Expert tips on HPLC testing
Before initiating HPLC testing, it is mandatory to check whether the chromatograph is in perfect working condition. Regular maintenance and OQ tests are needed, but not enough for HPLC analysis. Staff should be well-trained and experienced enough to locate and sort out signs of trouble in HPLC testing. Some signs of trouble or basic knowledge include; any buffer or salt crystal on the outside of the instrument, or knowledge of normal backpressure when the system is running. It could be beneficial to have all troubleshooting solutions as a part of the standard operating procedure.
During preparing the mobile phase, it is crucial to prepare enough of the fresh mobile phase to last the whole day. If kept for a day or two, the mobile phase may have significant microbial growth. Therefore, the mobile phase should always be filtered and freshly prepared for the analysis. Before introducing the mobile phase solution in the pumps, they should be continuously degassed for better performance. If not degassed continuously, issues such as drift and baseline instability may cause poor quality integration. Ideally, at the start of the day, each HPLC channel should be flushed with a fresh degassed mobile phase.
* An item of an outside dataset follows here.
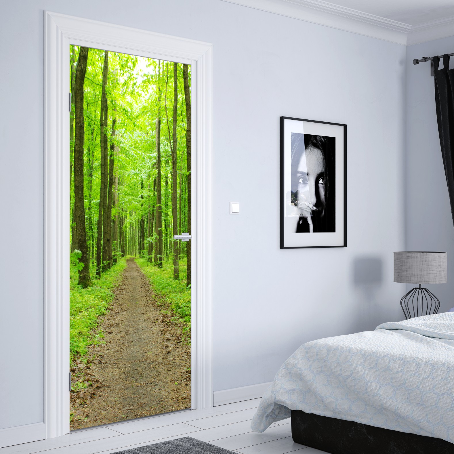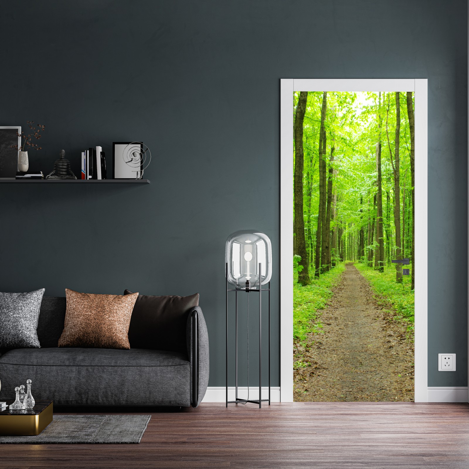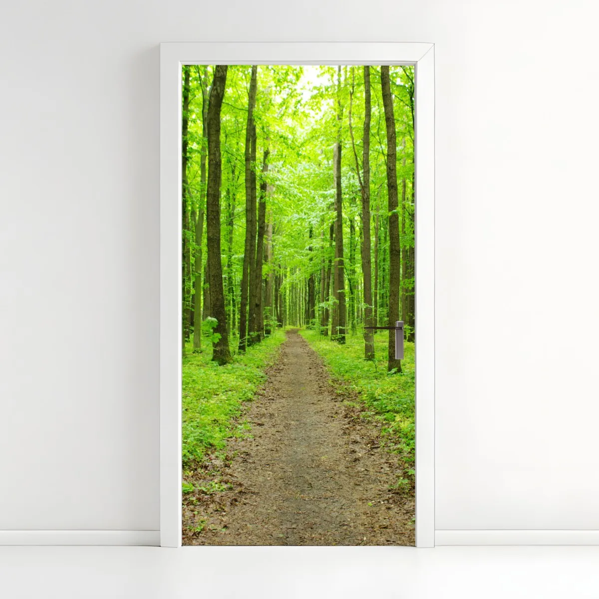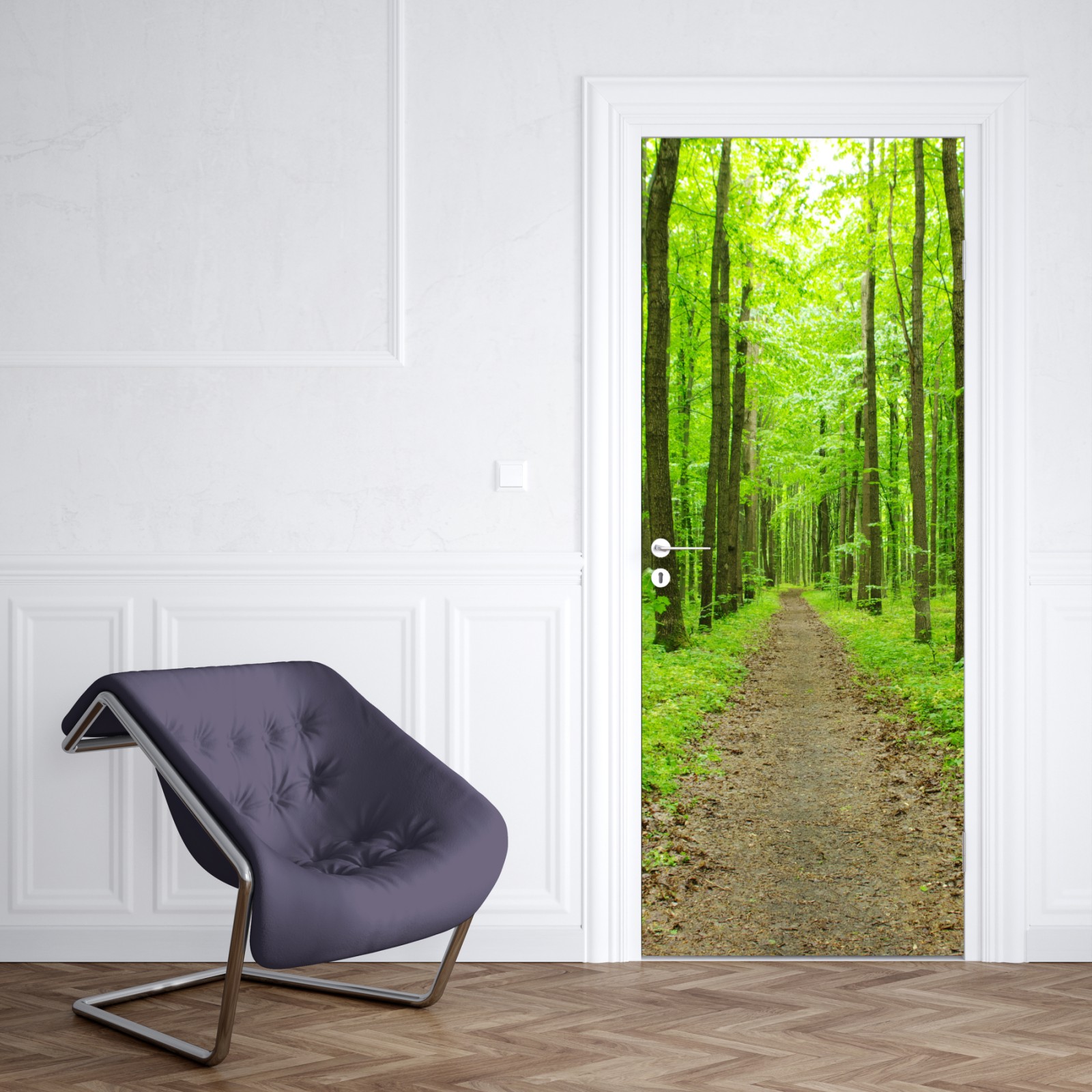Ein ruhiger Weg durch einen lebendig grünen Wald, ideal um einen Hauch Natur und Ruhe in den Raum zu bringen.

The next thing to do would be to learn more about the sample and determine the liquids in which the compound may be soluble. The stationary phase is the most significant influencer of HPLC selectivity. Therefore, selecting the right mode of chromatography and column is the most crucial phase of HPLC method development. Once selected, test and establish data to demonstrate that it meets both manufacturer’s specification and method requirements. First, avoid using additives as they may cause problems later. If needed, add them later. Employ a gradient method to detect all the compounds and elution conditions. If compounds are visible under a UV/VIS detector, use a Diode Array Detector. Shun the use of single or multi-wavelength detectors, as they invite errors and raise analysis costs.
HPLC method development and validation are two different processes, but at times are performed simultaneously for faster method validation. If HPLC is used in quality control, it is critical to ensure an acceptable level of confidence that results are viable. Similar to LC-MS analysis, HPLC or lcms testing should be performed within good laboratory practice and good manufacturing practice environments. As both the FDA and USP refer to ICH guidelines, it is crucial to develop HPLC analysis using ICH recommendations.